Although some workers have welcomed the Act, which allows fired employees to get packages in retrospect, the ZCTU says it demanded more.

“For now, the document might look alright, but as the ZCTU, we don’t think it is okay,” Moyo said.

“There are several provisions in that Act which are retrogressive.

For now, the employer or government might not decide to use them, but who knows when the stubborn one will come to apply those provisions and open floodgates of employee abuse again.”

Moyo said they would launch their challenge in three ways.

“We will engage the government whenever the platform is availed to us. That is number one. Secondly, we will take the legal route,” he said. On this one, we will take a few cases of fired workers to court and challenge the constitutionality of the law. It has many loopholes that can be abused.

“Thirdly, we are going to use political power to show our anger. We will go to the streets to demonstrate.”

Among the loopholes, the ZCTU said the provision of two weeks’ salary for every year served was unacceptable and also that Section (3), which allowed the employer to apply for exemption if it could not afford to pay the minimum retrenchment package was also unacceptable.

According to the amendments, an employer can apply for exemption to the retrenchment board and if there is no response within 14 days, then the application is deemed successful.
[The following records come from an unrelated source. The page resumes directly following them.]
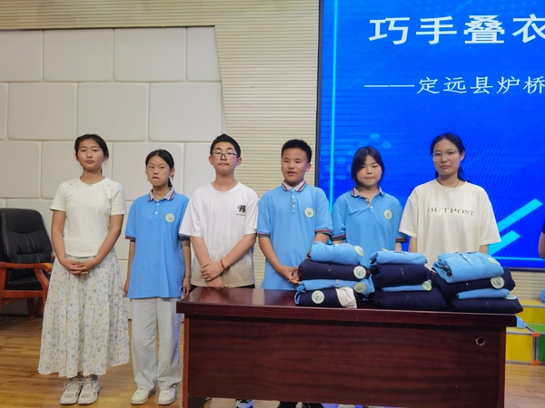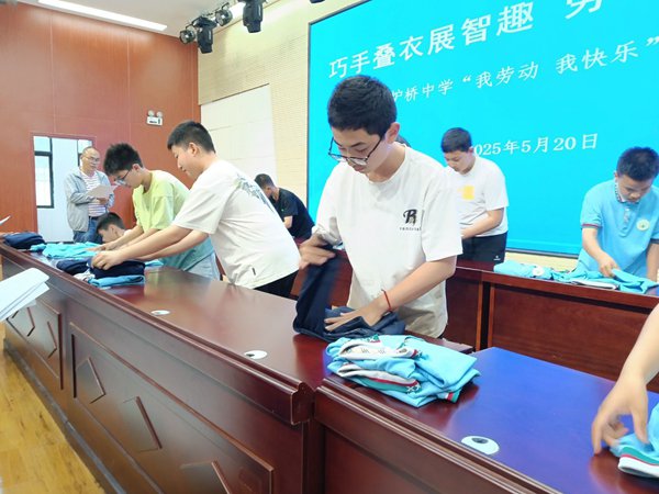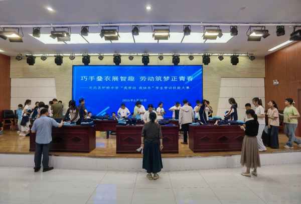 ~ 为培养学生的劳动意识与实践能力,促进学生全面发展,5月20日下午,定远县炉桥中学在学校报告厅成功举办七年级学生叠衣服劳动技能大赛。此次大赛将叠衣服这一生活技能与学校劳动教育课相结合,为七年级全体同学带来了一场别开生面的劳动教育体验。
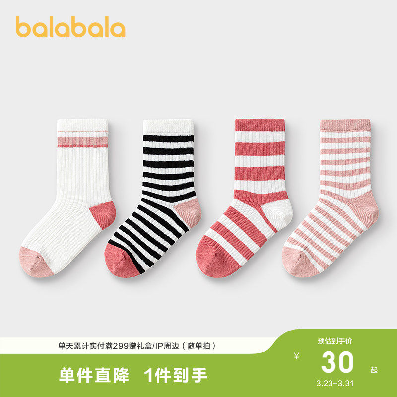 巴拉巴拉儿童袜子棉春秋新款潮流条纹小中大童男女童中筒袜四双装
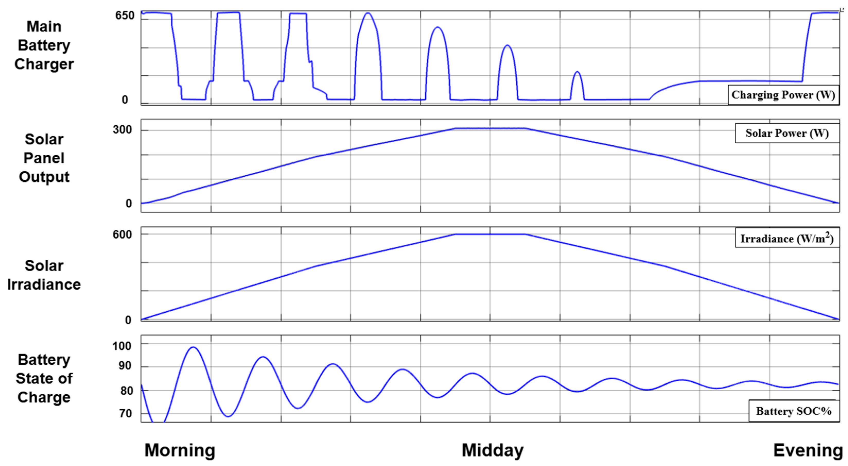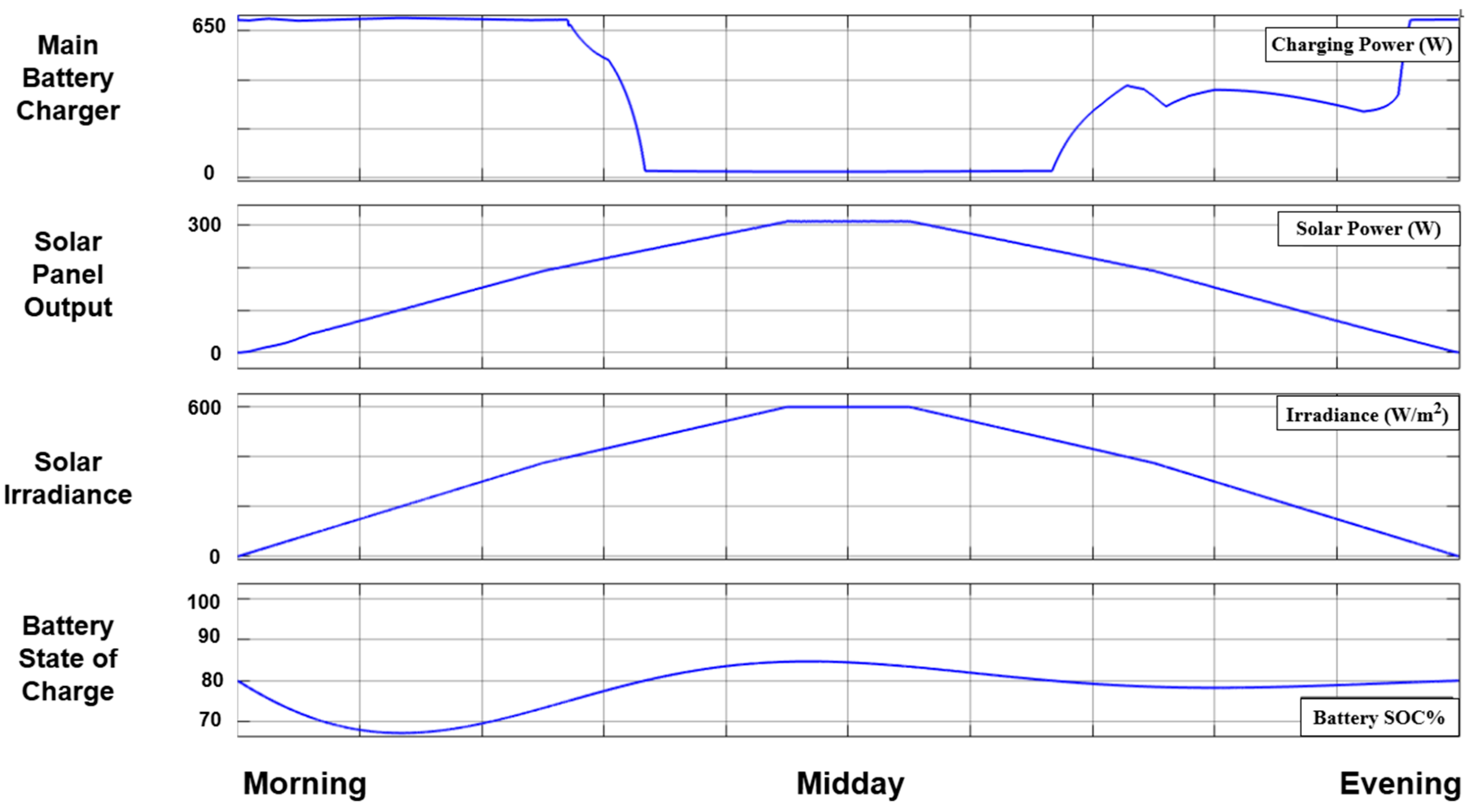 Figure 6 illustrates the charger’s intelligent response to these rapid fluctuations under varying irradiance. In the early morning, steep reductions in the state of charge trigger a strong response from the charger to maintain operational readiness. Around midday, the fuzzy logic controller adjusts output more conservatively, ensuring that the charger supports the battery without competing with the increasing solar contribution. Again, this prevents unnecessary grid draw and prioritises solar utilisation. By late afternoon, as irradiance decreases, the controller shifts emphasis back to the charger, which resumes primary responsibility for maintaining battery stability. This adaptive control approach ensures optimised energy flow, maximises solar usage and enhances the overall system efficiency under realistic operating conditions. These results confirm the system’s resilience to fluctuating energy demands. Adaptive control ensures optimal energy flow and battery stability.

“How can the inefficiency of the retrenchment board or its administrative challenges become an approval of an exemption by default? This only serves the employers’ interests and it has to be challenged,” Moyo said.

He said the Labour minister was also given too much power, even to poke her nose into the running of unions and employment councils. He said this was contrary to various clauses approved by the International Labour Organisation (ILO).

ZCTU said powers for collective bargaining were now eroded in the newly-enacted law. He said a few gains that were achieved during former Labour minister Nicholas Goche’s era had now all been thrown down the drain.

“During Goche’s time, social partners agreed on 13 sets of principles.

The legislation was supposed to speak to those 13 principles, but this document has abandoned that,” Moyo said.

“Some of the principles included the right to strike, the issue of maternity leave and mechanisms for dispute resolution in Zimbabwe and retrenchments. The current law takes us back to the 1980s by creating labour officers who will obviously be overwhelmed by the bureaucracy in government.

”MDC-T spokesperson Obert Gutu also said his party fully associated itself with reservations expressed by the ZCTU on the Labour Amendment Act.

“The Bill was rushed through Parliament and the final product contains a lot of rough edges. If you scrutinise that Act, you will realise that workers still remain vulnerable, particularly when it comes to issues to do with retrenchment packages,” Gutu said.

The National Constitutional Assembly (NCA) also said in as much as they embraced the law, some provisions still needed revisiting.

“The new law is good as far as it stops employers from dismissing workers wantonly. However, as NCA, we disagree with the part of the law that says when workers are retrenched they must get a package of two weeks salary for every year served. We believe this is too little. It will be much better if it was increased to one month salary for every year worked,” said Madock Chivasa, NCA spokesperson.